Pictures in the entries below are excluded; copy only the lines from the one containing "Funda de Cuero" to the one containing "這是一個很有特色的書店,裡面", both included.

◆ INFORMATION:
□ □ □

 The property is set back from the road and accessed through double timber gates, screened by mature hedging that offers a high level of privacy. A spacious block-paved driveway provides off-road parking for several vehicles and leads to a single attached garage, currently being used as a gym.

□ □ □

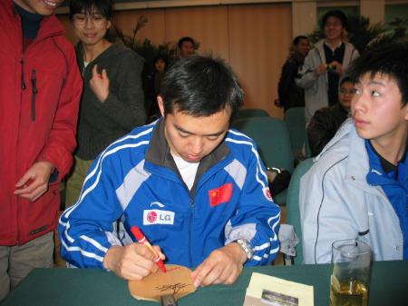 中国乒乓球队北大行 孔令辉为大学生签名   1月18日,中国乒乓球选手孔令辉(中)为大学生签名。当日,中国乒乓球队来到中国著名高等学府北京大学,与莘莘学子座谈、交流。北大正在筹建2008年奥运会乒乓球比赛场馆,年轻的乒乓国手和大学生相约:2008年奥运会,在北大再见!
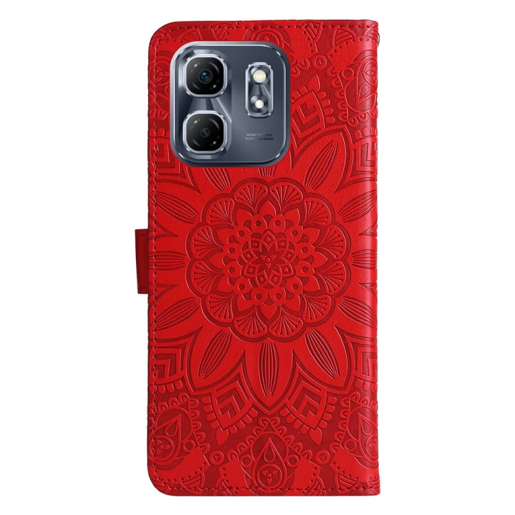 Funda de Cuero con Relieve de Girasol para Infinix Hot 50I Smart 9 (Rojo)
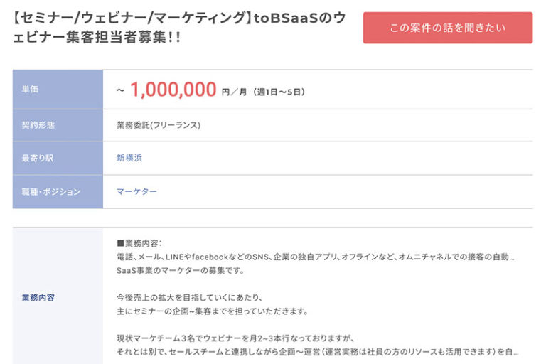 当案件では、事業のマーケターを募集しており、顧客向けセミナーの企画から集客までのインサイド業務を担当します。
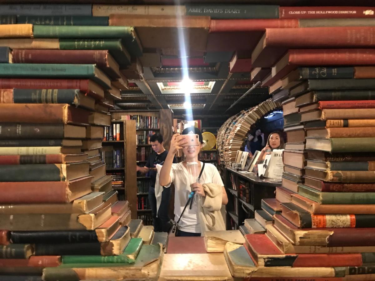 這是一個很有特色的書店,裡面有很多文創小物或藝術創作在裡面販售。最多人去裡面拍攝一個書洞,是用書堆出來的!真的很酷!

□ □ □

◆ TASK OUTPUT:
 Funda de Cuero con Relieve de Girasol para Infinix Hot 50I Smart 9 (Rojo)
 当案件では、事業のマーケターを募集しており、顧客向けセミナーの企画から集客までのインサイド業務を担当します。
 這是一個很有特色的書店,裡面有很多文創小物或藝術創作在裡面販售。最多人去裡面拍攝一個書洞,是用書堆出來的!真的很酷!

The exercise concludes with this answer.